### What this task involves:
For the records below, copy exactly the span that begins at the line containing "Okay, now I" and stops after the line containing "Electrical circuit board.", minus any pictures.

### Excerpted records:
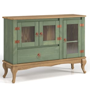 - Acabamento: Cera na cor verde oliva com veios e nós aparentes | Tampo: cera na cor marrom antique.
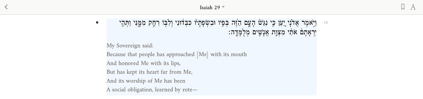 Okay, now I think we’re ready to consult the Jewish commentary on Isaiah 29:13-14 to flesh our understanding of this passage. Note to readers—I have taken these commentaries from Sefaria, my go-to for Jewish texts and commentary.
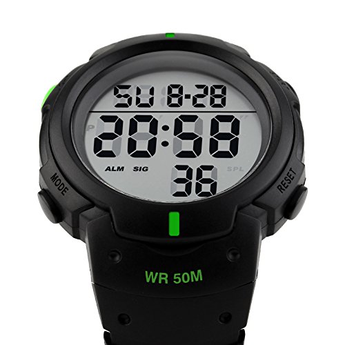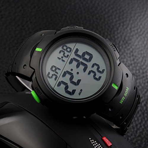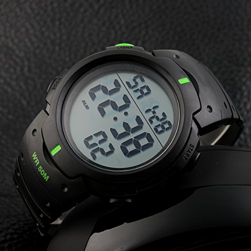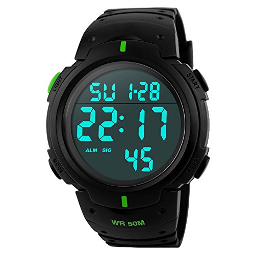 TTLIFE 유니섹스 LED워치 남성 스포츠 워치 손목시계 맨즈 디지털 아웃도어 손목시계 방수 50M 자명종 캘린더 그린
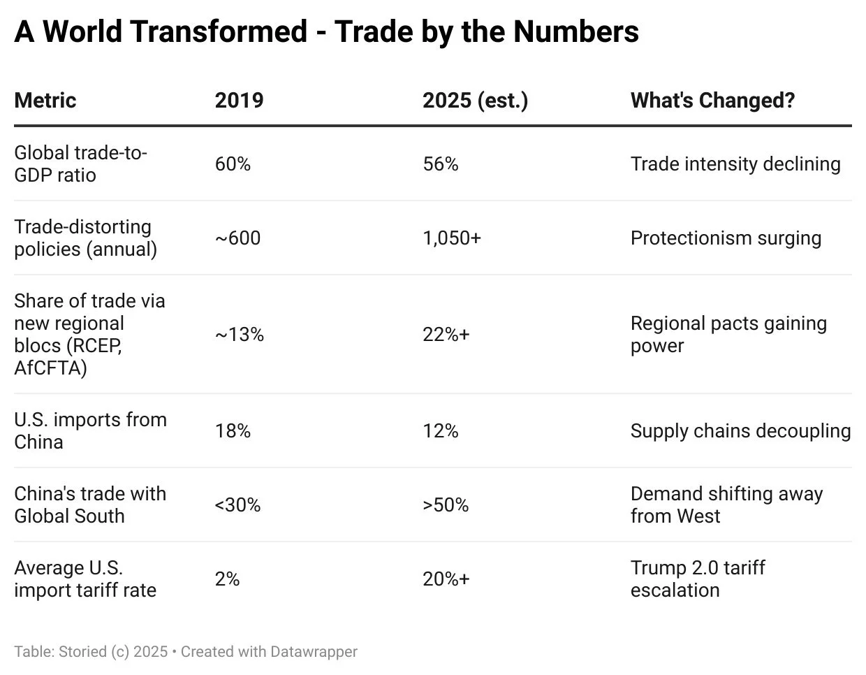 Rule Fragmentation: The WTO’s multilateral framework is weakening. From 2020–2023, trade-distorting policies increased by 66%, while trade liberalization measures declined by 22%.
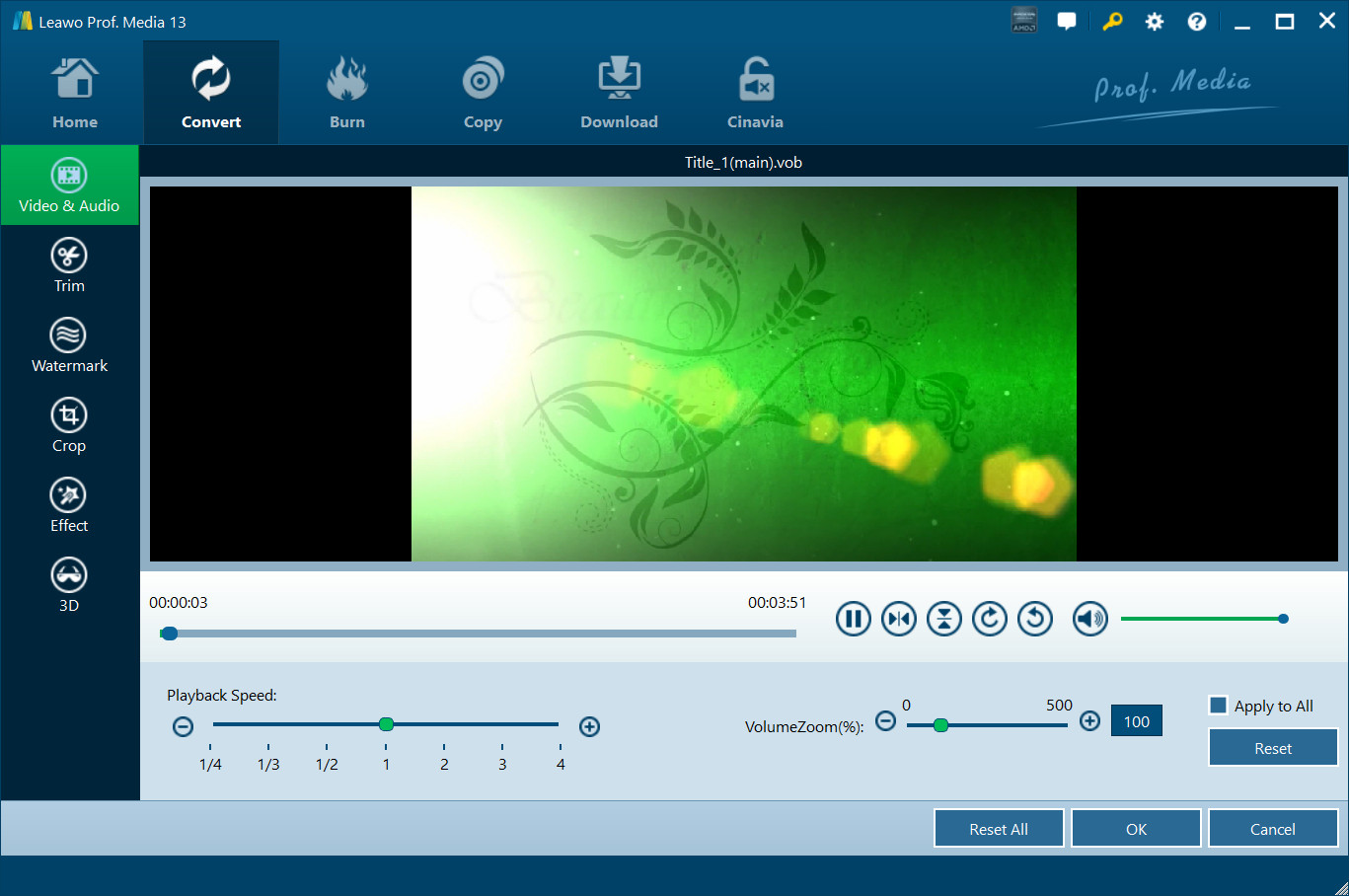 On the "Video & Audio" tab, you could adjust the playback speed from 1/4X to 4X, change the Volume Zoom, and rotate video for special angle of view.
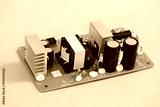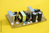 Electrical circuit board. Power supply board unit for electronics isolated on yellow background.
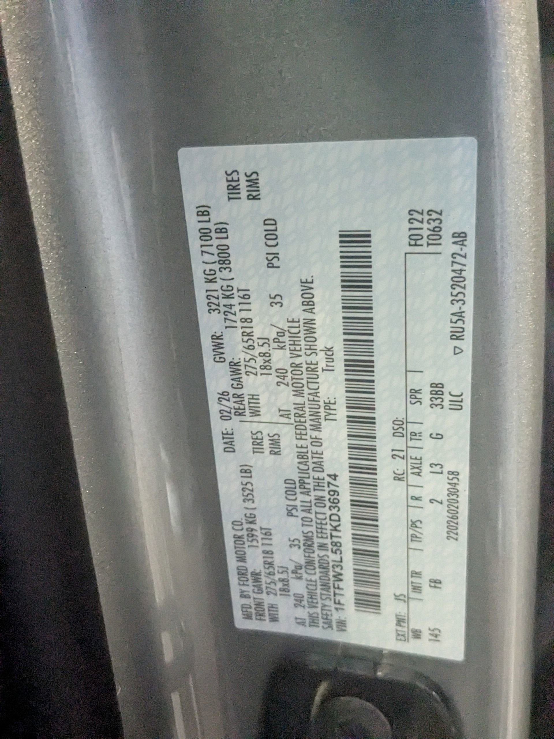 - ENGINE: 5.0L V8 -inc: auto start-stop technology GVWR: 7 100 lbs Payload Package 3.31 Axle Ratio 50-State Emissions Standard equipment on 2.7L (99P) and 5.0L V8 (995) Automatically added to 3.5L Ecoboost (998) and 3.5L PowerBoost full hybrid (99D) orders from dealers located in the following California emissions states: California Massachusetts New York Oregon Pennsylvania Vermont and Washington Available 3.5L Ecoboost (998) and 3.5L PowerBoost full hybrid (99D) option for dealers in federal states for all order types (retail / stock / fleet): Arizona Connecticut Delaware Idaho Maine Maryland Montana New Hampshire New Jersey Nevada Ohio Rhode Island and West Virginia Available option for dealers located in all states for retail orders Available option for dealers located in all states for commercial / rental fleet orders Available option for dealers located in all states for government fleet orders w/ship-to addresses in California emissions states
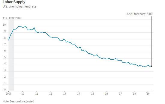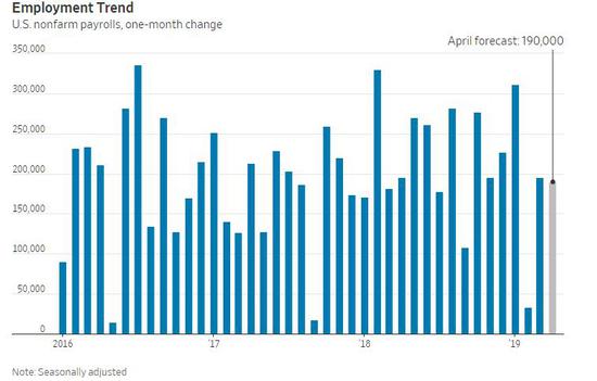 美国劳工部周五将发布4月份就业市场报告。接受《华尔街日报》(The Wall Street Journal)调查的经济学家预计,经季节因素调整后,4月份新增就业人数将为19万人,失业率将维持在3.8%。以下是该报告中需要关注的五个要点。
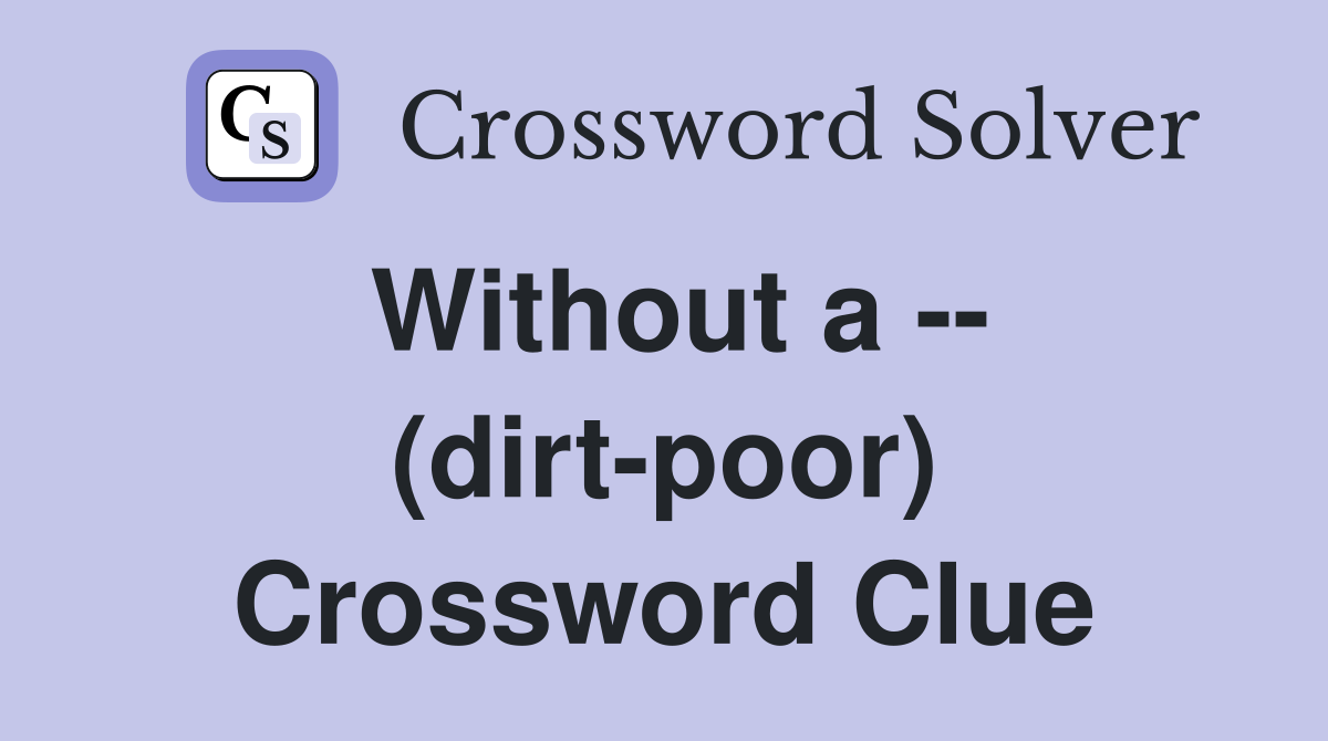 Without a (dirt poor) Crossword Clue Answers Crossword Solver
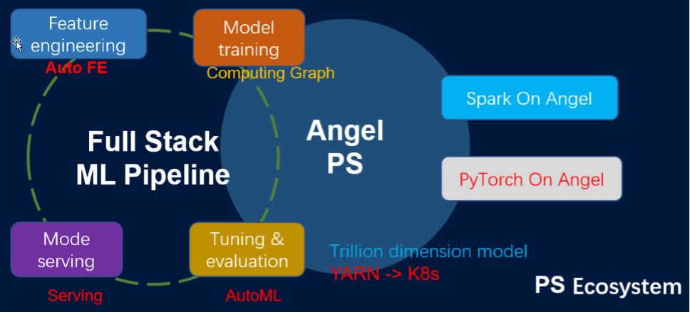 PyTorch On Angel是Angel 3.0新增的特性,它主要是为了解决大规模图表示学习和深度学习模型训练问题。

### Finished task:
 Okay, now I think we’re ready to consult the Jewish commentary on Isaiah 29:13-14 to flesh our understanding of this passage. Note to readers—I have taken these commentaries from Sefaria, my go-to for Jewish texts and commentary.
 TTLIFE 유니섹스 LED워치 남성 스포츠 워치 손목시계 맨즈 디지털 아웃도어 손목시계 방수 50M 자명종 캘린더 그린
 Rule Fragmentation: The WTO’s multilateral framework is weakening. From 2020–2023, trade-distorting policies increased by 66%, while trade liberalization measures declined by 22%.
 On the "Video & Audio" tab, you could adjust the playback speed from 1/4X to 4X, change the Volume Zoom, and rotate video for special angle of view.
 Electrical circuit board. Power supply board unit for electronics isolated on yellow background.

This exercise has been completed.